Why do we have different/decreasing`skip_values` as we progress in stage 03 training

Closed this issue 2 months ago · 3 comments

I wanted to know the idea behind the concept of having different max_skip_values, The value starts with 10, increases to 15 and again drops back to 5,5.

Is there any intuition and reason for doing this?

Also another question I had was since the number of frames used for training was 8 as mentioned in the paper, how come the model is able to do well for long-videos where frames could be in range of thousands, where the model has never trained for such long form memory usage?
Even if the max jump was 15, the highest difference in frames for a single video could be 15*8=120 frames while training.

Answer 1 · 2024-10-10T17:54:01.000Z

It is for curriculum learning: first, from easy to hard cases, then anneal back to 5, which is closer to what is used during inference.

Note that max jump sets the maximum.
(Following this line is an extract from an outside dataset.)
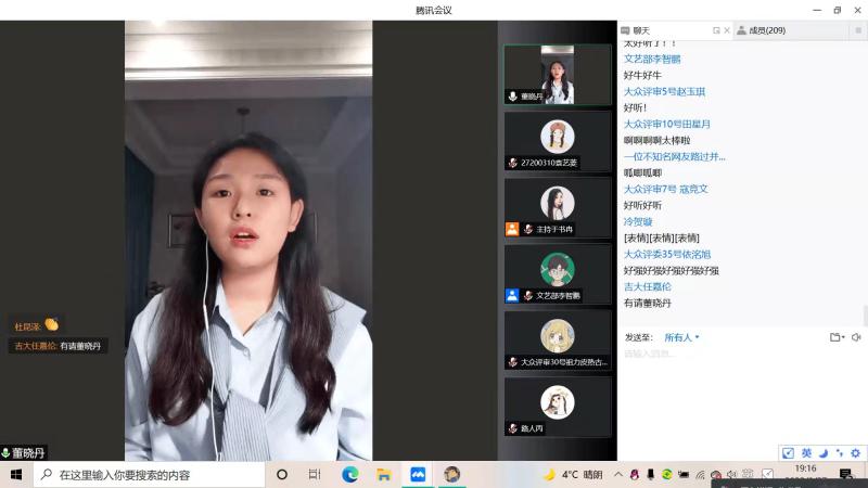 决赛共分为两轮比拼,选手们赛前通过抽签两两一组进行对战,精心准备好个人参赛歌曲。正式比赛过程中,选手们一展歌喉,有的自弹吉他伴奏,有的自谱歌曲,评论留言区里同学们纷纷加油助威。“希望疫散花开,长念春来”“希望早日相约新民二教”等留言纷纷刷屏,同学们在歌声中表达对疫情过后的美好期盼,为抗疫工作者们奋战一线的精神加油。根据评委和大众评审投票结果,王子涵同学获得一等奖,董晓丹同学、秦宇逍同学并列获得二等奖,付一博同学获得三等奖,刘春贺同学获得优秀奖。比赛最后,所有参赛选手和师生们打开摄像头,同唱一首相亲相爱一家人,在疫情期间传递温暖与感动,感受到整个公卫公司大家庭的团结一心,坚定了防疫工作的信心。

We don't always sample at the maximum.

See
https://arxiv.org/pdf/2103.07941
https://davischallenge.org/challenge2020/papers/DAVIS-Semisupervised-Challenge-1st-Team.pdf

Answer 2 · 2024-10-12T08:23:46.000Z

Thanks.

Can you also give some intuition on the second part, where how come training on 8 frames videos with max 3 frames in memory, leading to better long video segmentation capability during inference?

Also another question I had was since the number of frames used for training was 8 as mentioned in the paper, how come the model is able to do well for long-videos where frames could be in range of thousands, where the model has never trained for such long form memory usage?
Even if the max jump was 15, the highest difference in frames for a single video could be 15*8=120 frames while training.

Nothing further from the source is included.